Your instructions:
The listing below holds a line with "Penkkien alla - kosteutta" and a line with "Ну и индекс". Reproduce those two lines exactly, plus everything between them.

Exercise inputs:
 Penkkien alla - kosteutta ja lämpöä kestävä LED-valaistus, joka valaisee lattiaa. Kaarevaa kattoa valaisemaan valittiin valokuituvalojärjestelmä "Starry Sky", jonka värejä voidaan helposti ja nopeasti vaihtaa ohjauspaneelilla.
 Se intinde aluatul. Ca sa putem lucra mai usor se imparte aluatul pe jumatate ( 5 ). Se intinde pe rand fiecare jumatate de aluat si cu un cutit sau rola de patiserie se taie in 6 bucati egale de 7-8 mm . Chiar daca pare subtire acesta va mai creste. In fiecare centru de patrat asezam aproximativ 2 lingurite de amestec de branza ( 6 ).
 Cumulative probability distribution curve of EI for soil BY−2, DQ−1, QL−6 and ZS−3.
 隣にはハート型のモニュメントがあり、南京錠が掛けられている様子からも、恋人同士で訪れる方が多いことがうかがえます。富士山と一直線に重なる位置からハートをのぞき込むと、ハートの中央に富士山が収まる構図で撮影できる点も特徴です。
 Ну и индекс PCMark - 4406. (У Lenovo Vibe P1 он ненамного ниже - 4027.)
==
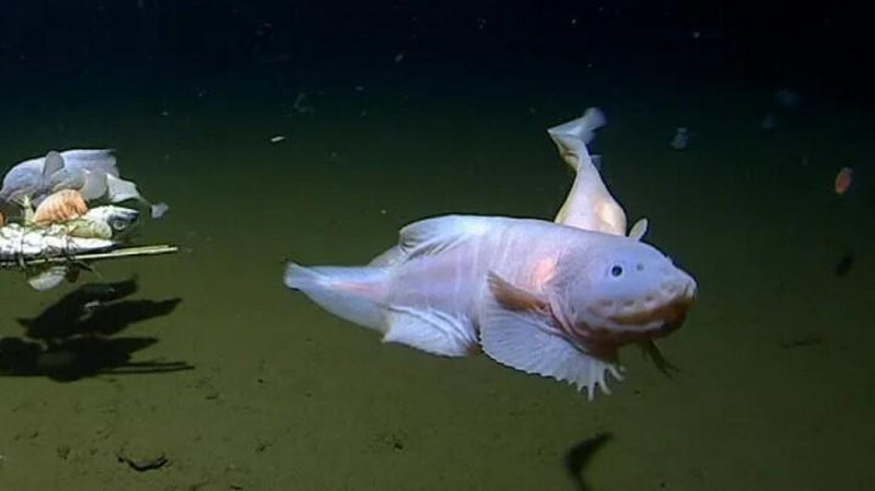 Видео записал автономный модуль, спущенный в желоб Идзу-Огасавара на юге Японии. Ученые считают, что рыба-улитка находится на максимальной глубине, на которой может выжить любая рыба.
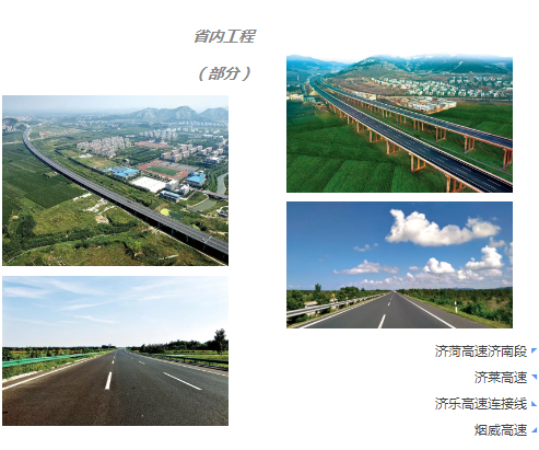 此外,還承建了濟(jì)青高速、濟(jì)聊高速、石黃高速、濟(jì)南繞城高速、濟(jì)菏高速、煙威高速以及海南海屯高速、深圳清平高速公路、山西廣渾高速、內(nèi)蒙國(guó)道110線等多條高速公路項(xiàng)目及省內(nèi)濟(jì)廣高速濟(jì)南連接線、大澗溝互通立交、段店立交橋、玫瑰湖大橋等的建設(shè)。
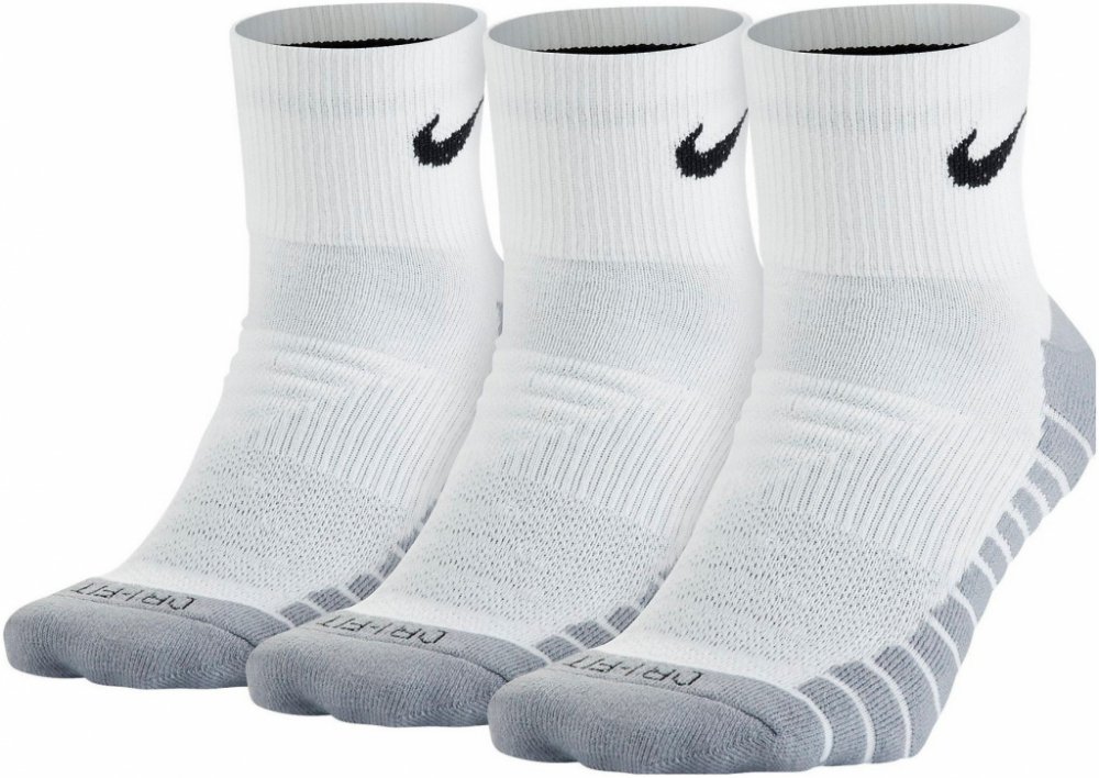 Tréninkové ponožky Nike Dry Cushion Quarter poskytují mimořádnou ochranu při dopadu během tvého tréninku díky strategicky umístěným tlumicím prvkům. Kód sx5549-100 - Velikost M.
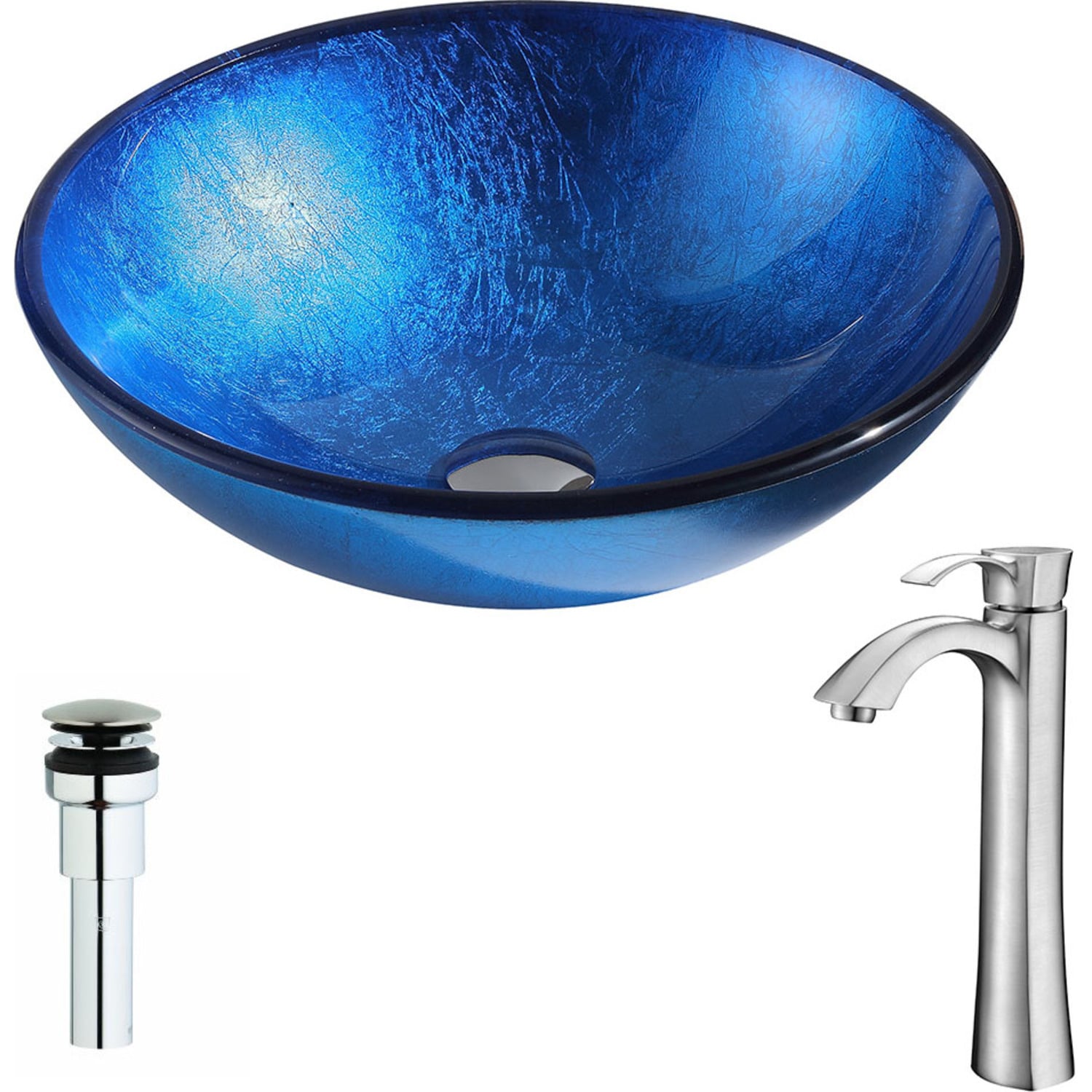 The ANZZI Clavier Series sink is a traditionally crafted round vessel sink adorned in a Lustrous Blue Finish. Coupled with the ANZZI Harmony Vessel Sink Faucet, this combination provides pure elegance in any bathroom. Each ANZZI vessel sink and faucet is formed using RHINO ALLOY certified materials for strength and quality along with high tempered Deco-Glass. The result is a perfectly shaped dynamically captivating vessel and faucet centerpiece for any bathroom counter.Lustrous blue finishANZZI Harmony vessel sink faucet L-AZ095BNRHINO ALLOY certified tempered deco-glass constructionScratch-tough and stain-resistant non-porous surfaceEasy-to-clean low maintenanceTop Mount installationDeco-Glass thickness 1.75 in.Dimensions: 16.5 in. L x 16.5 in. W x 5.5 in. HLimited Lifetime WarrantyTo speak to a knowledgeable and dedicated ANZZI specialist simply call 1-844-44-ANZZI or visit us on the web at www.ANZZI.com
--
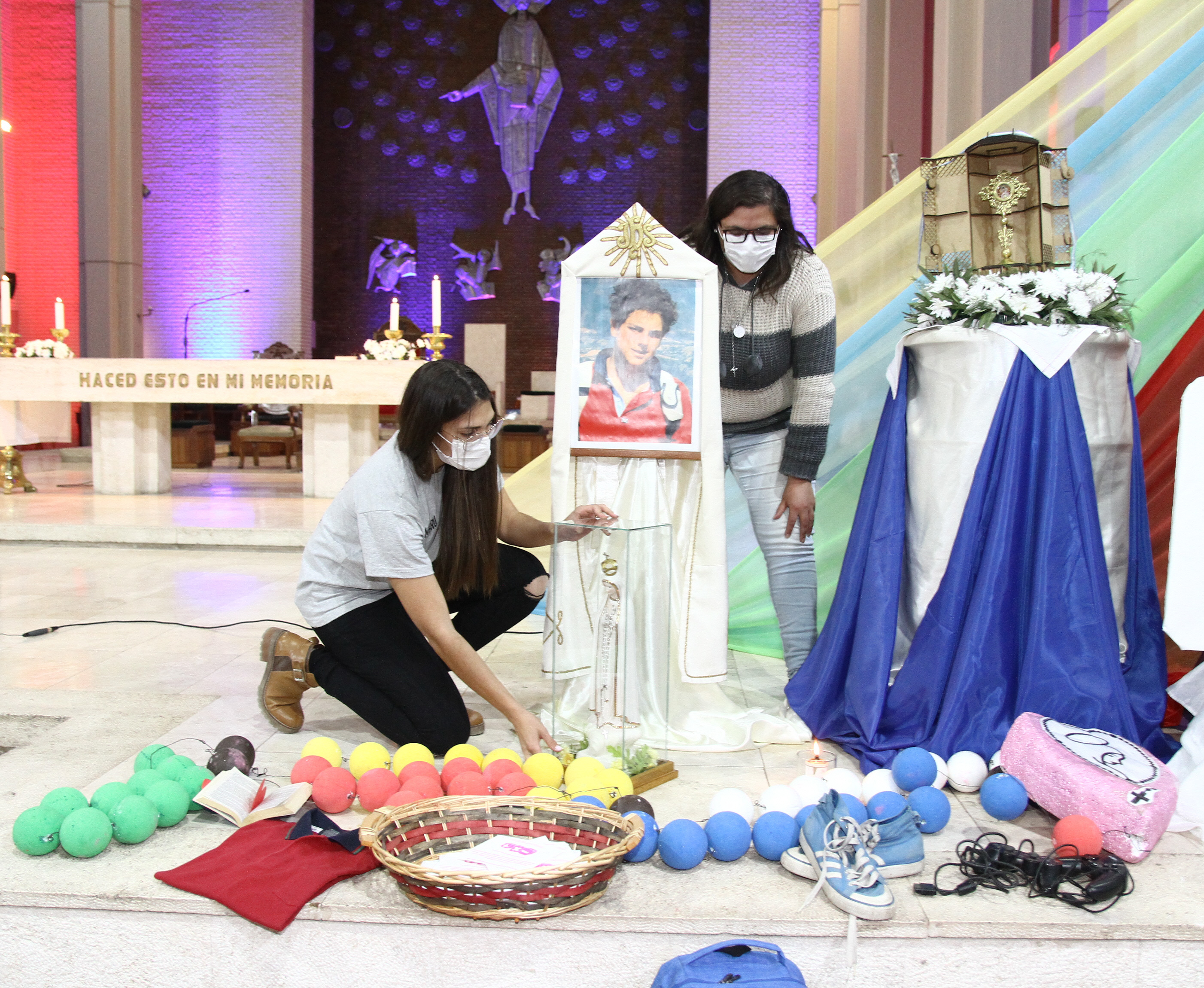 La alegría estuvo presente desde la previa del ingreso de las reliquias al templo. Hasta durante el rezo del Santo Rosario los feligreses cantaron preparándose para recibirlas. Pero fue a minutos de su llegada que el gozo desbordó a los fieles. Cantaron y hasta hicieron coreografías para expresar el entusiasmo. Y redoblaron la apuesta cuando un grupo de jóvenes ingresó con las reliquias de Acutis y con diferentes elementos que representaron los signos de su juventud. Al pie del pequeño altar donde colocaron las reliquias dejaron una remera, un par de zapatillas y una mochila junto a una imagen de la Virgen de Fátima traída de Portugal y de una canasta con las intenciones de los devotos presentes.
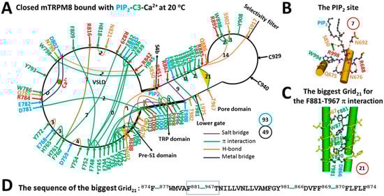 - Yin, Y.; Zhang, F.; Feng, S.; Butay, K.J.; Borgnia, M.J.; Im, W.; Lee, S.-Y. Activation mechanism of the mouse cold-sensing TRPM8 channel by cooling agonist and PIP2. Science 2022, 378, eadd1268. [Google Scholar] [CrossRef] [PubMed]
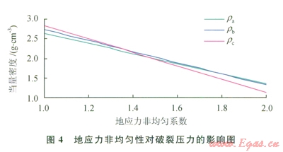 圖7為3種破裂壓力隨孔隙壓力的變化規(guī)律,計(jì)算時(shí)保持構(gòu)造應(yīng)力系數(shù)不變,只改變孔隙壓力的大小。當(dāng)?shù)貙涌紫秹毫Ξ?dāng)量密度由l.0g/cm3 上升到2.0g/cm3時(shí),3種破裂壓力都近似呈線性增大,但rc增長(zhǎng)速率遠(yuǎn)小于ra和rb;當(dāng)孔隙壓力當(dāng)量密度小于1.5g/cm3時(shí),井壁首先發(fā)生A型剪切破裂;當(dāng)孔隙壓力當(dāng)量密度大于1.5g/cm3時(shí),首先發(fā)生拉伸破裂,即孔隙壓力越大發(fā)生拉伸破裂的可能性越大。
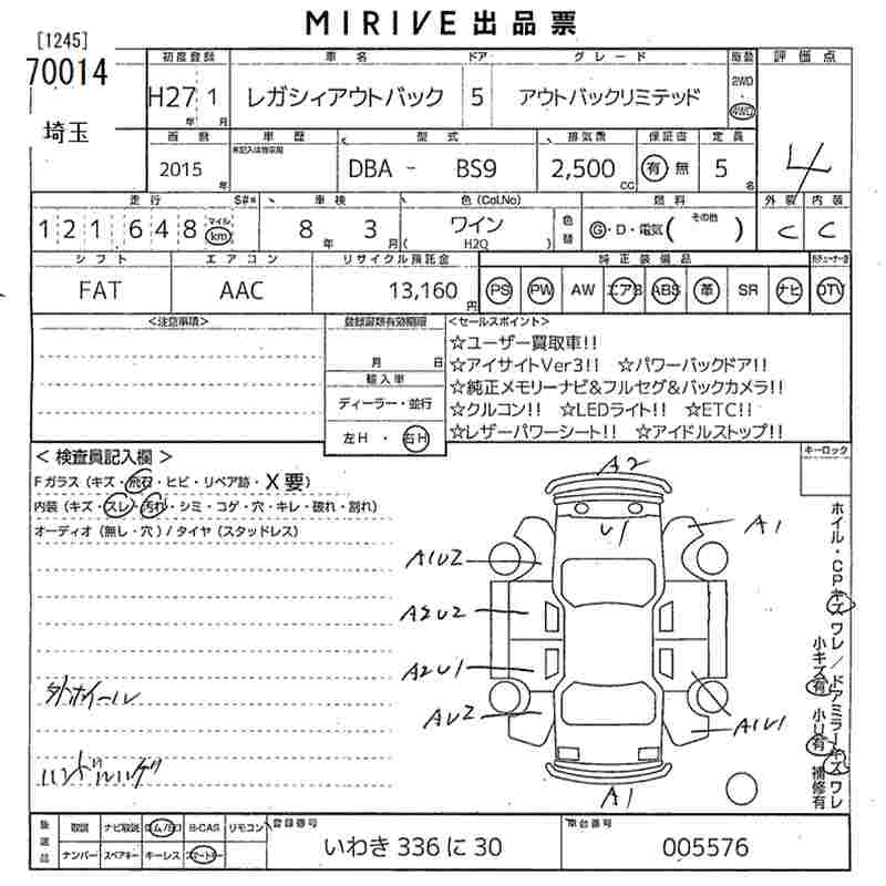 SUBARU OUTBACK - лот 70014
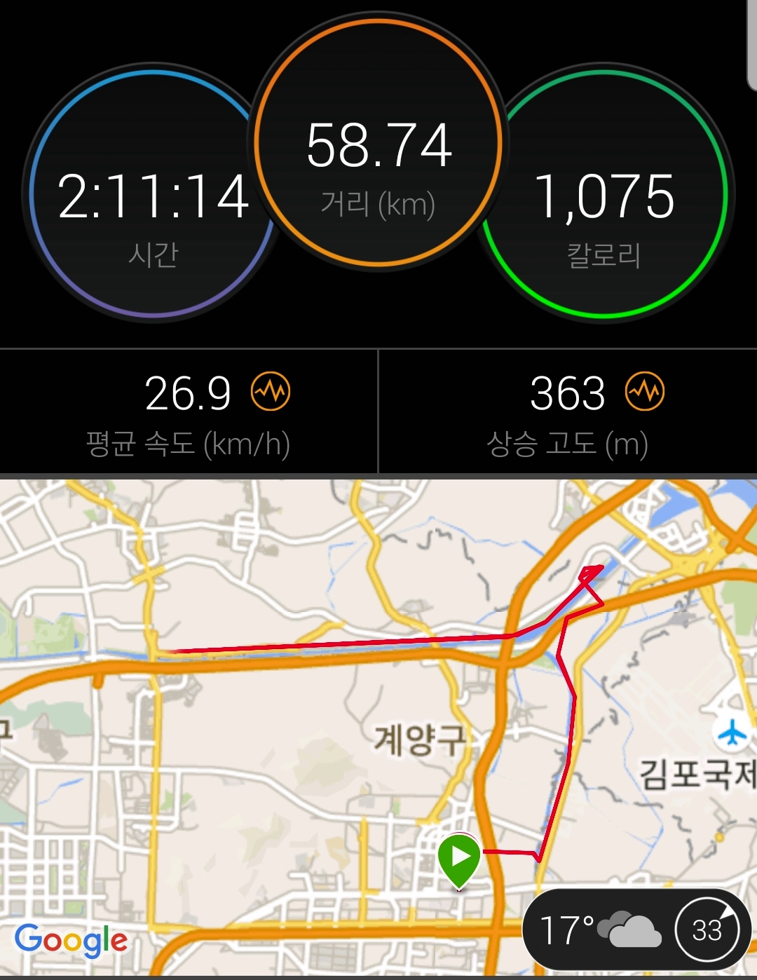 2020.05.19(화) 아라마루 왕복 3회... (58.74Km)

Response for this exercise:
 Penkkien alla - kosteutta ja lämpöä kestävä LED-valaistus, joka valaisee lattiaa. Kaarevaa kattoa valaisemaan valittiin valokuituvalojärjestelmä "Starry Sky", jonka värejä voidaan helposti ja nopeasti vaihtaa ohjauspaneelilla.
 Se intinde aluatul. Ca sa putem lucra mai usor se imparte aluatul pe jumatate ( 5 ). Se intinde pe rand fiecare jumatate de aluat si cu un cutit sau rola de patiserie se taie in 6 bucati egale de 7-8 mm . Chiar daca pare subtire acesta va mai creste. In fiecare centru de patrat asezam aproximativ 2 lingurite de amestec de branza ( 6 ).
 Cumulative probability distribution curve of EI for soil BY−2, DQ−1, QL−6 and ZS−3.
 隣にはハート型のモニュメントがあり、南京錠が掛けられている様子からも、恋人同士で訪れる方が多いことがうかがえます。富士山と一直線に重なる位置からハートをのぞき込むと、ハートの中央に富士山が収まる構図で撮影できる点も特徴です。
 Ну и индекс PCMark - 4406. (У Lenovo Vibe P1 он ненамного ниже - 4027.)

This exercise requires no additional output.